» **EXERCISE AIM**: From the line containing "Разветвитель VCOM предлагает" through the last line of the records below, each line is to be repeated exactly; pictures are to be omitted.

» **RECORDS SUPPLIED**:
——

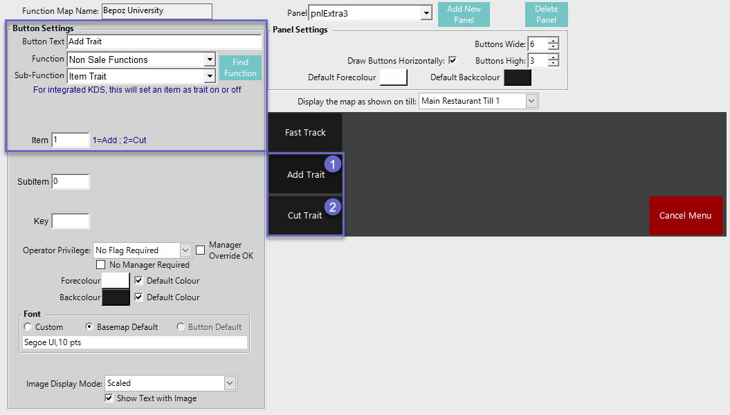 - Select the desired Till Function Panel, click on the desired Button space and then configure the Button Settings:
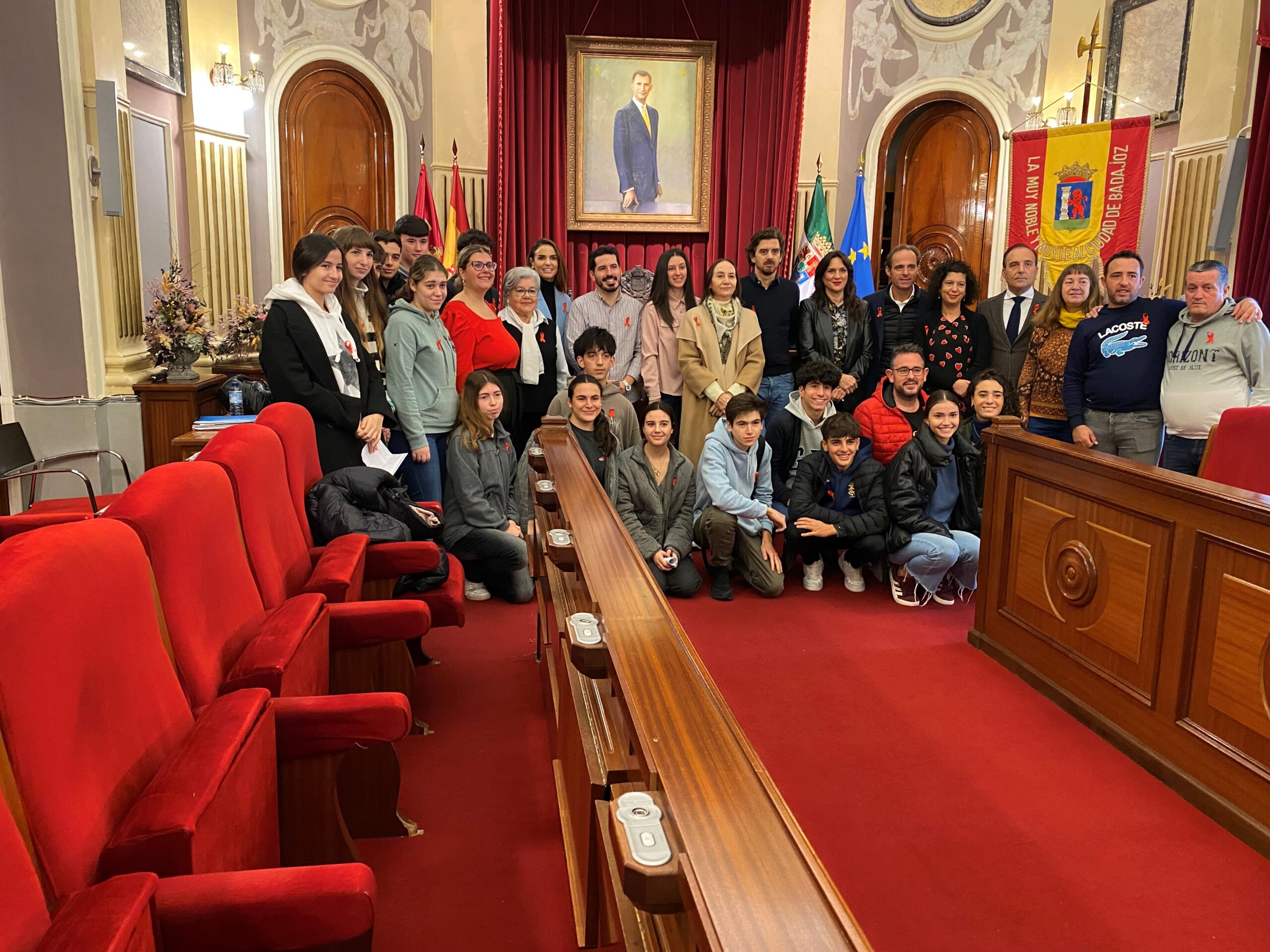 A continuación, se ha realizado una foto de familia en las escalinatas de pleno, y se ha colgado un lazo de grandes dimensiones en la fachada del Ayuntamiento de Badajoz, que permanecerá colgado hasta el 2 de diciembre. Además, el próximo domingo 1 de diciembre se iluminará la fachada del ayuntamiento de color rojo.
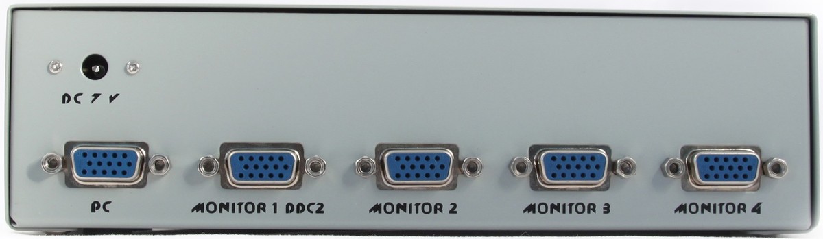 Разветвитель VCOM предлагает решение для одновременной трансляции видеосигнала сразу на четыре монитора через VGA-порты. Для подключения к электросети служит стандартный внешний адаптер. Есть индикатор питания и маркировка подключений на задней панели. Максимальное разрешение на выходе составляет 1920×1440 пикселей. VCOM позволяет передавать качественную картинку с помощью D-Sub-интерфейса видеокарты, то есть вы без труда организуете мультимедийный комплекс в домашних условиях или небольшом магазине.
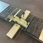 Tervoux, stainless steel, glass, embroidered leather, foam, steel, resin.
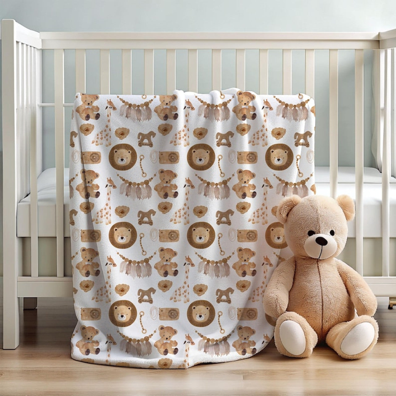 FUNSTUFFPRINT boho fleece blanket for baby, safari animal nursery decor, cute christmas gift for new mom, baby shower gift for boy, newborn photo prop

——

» **REPLY TO THE EXERCISE**:
 Разветвитель VCOM предлагает решение для одновременной трансляции видеосигнала сразу на четыре монитора через VGA-порты. Для подключения к электросети служит стандартный внешний адаптер. Есть индикатор питания и маркировка подключений на задней панели. Максимальное разрешение на выходе составляет 1920×1440 пикселей. VCOM позволяет передавать качественную картинку с помощью D-Sub-интерфейса видеокарты, то есть вы без труда организуете мультимедийный комплекс в домашних условиях или небольшом магазине.
 Tervoux, stainless steel, glass, embroidered leather, foam, steel, resin.
 FUNSTUFFPRINT boho fleece blanket for baby, safari animal nursery decor, cute christmas gift for new mom, baby shower gift for boy, newborn photo prop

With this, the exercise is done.